Sticking at it
I HAVE concluded that I am a completer-finisher. This dates from my noticing that the abbreviation is CF — my initials — and therefore easy to remember. That was why I always played centre-half in school hockey (my maiden name was Humphreys). There was a glow that came from wearing a tabard with my initials on the back.
In all other respects, centre-half was a stupid choice. I spent the entire PE lesson running from one end of the pitch to the other, chasing the ultra-keen centre-forward, without any idea of what was happening. This went on for years.

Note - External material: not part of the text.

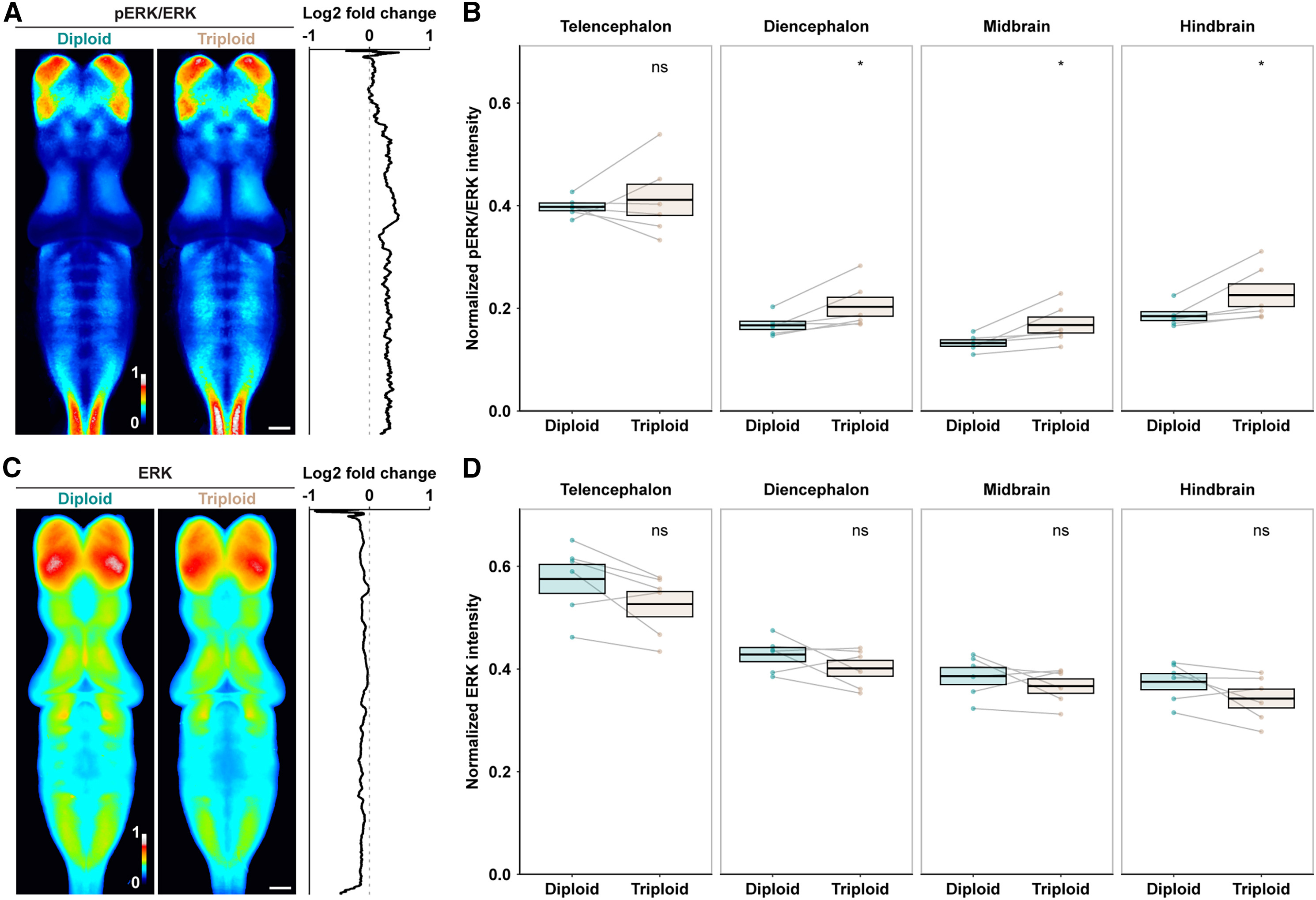 (C) Heatmap showing normalized, averaged ERK intensity of the same brains as in (A). Log2 fold changes (triploid/diploid) of ERK intensity along the y axis are plotted to the right. Scale bar, 100 μm.

I never did grasp the rules of hockey. I was the only girl in the school who still had an embarrassing, old-fashioned stick, the “English head” kind you see on the cover of Angela Brazil school novels, called something like The Most Antiquated Girl in the School. All the other girls had modern hook heads (we will pause just long enough to allow the pedants to get excited, before adding “to their hockey sticks”. As you were, pedants.)
There were many funny things going on in Aylesbury in the ’70s, but no sightings of hook-headed grammar-school girls. Unless they appeared in the pages of Brazil’s unwritten masterpiece, The Trippiest Term on Record.
WHAT has all this got to do with Belbin Team Roles, you may be asking. I often wander some distance from my point, but, being a completer-finisher, I never lose sight of it. “Completer-finishers”, we read on the MindTools website, “are the people who see that projects are completed thoroughly”. Go, us!
This has its advantages; but, like all great virtues, it casts a long shadow. Take confectionery. How often the poor completer-finisher sets out on the task of having a snack, only to find themselves wearily chomping their way through the entire packet of chocolate digestives, long after appetite has fled. Occasionally, a real act of willpower makes it possible to stop after completing-finishing the top layer of the Dairy Milk. But that bottom layer will nag away for the rest of the evening.
Point of order
LIFE is complex. Tasks do not present themselves in an orderly queue, to be dealt with one at a time. This plunges the CF person into a morass of questions about the correct and most efficient order in which to complete things. Here’s an example that bothers me on a daily basis: putting on my shoes and socks. Do I complete stage one (both socks), followed by stage two (both shoes)? Or finish my left-foot task (sock and shoe), before tackling the right?
In either case, there’s a nervy limbo of incompletion between the stages. If the doorbell rings, or the Second Coming happens, is it better to be caught in your socks, or with one shoe and sock on and the other foot bare?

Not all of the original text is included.